Sunday saw a testy exchange with the BBC’s Andrew Marr over the Prime Minister’s claim that pay packets are rising for the first time in 10 years. This week he argued that labour shortages are just part of the “transition” to a high wage post-Brexit economy. And now Boris is set to unveil a hike in minimum wage.

As ever with Boris, some of the claims are contentious. Covid and Brexit have skewed the numbers on wage growth. Inflation is eating away at rising earnings, meaning many won’t be seeing a real-terms increase. Economists say Boris’s “transition” argument wouldn’t pass muster in most A-level economics classes. As Next boss Lord Wolfson put it eloquently in the Standard this week: “If the problem is that employees are simply not available in sufficient numbers, then cash alone cannot conjure up more people.”

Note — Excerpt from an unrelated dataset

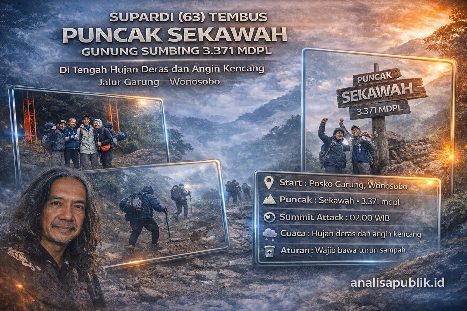 Supardi (63) bersama keluarga saat melakukan pendakian menuju Puncak Sekawah, Gunung Sumbing (3.371 mdpl) melalui jalur Garung, Wonosobo, dalam kondisi hujan, kabut tebal, dan angin kencang.

We can quibble over the numbers but ultimately what will animate both voters and businesses is simple: do they feel better off? That was the killer question posed by Ronald Reagan in the 1980 US election that helped deliver him the White House. It could have the opposite effect for Boris.

Natural gas prices continue to soar to unheard-of heights, which means bumper energy bills could make pay rises look pitiful. Trade barriers with the EU mean import cost are likely to rise. Domestic alternatives tend to be more expensive or simply non-existent. Good luck sourcing oranges from Kent.

“Governments may take offsetting actions, but there aren’t many policy levers that raise real wages enough to offset Brexit costs, certainly in the short- to medium-term,” analysts at Bank of America write this week.

All of this means rising wages could prove to be nothing more than an illusion. As the saying goes: there are lies, damn lies, and statistics.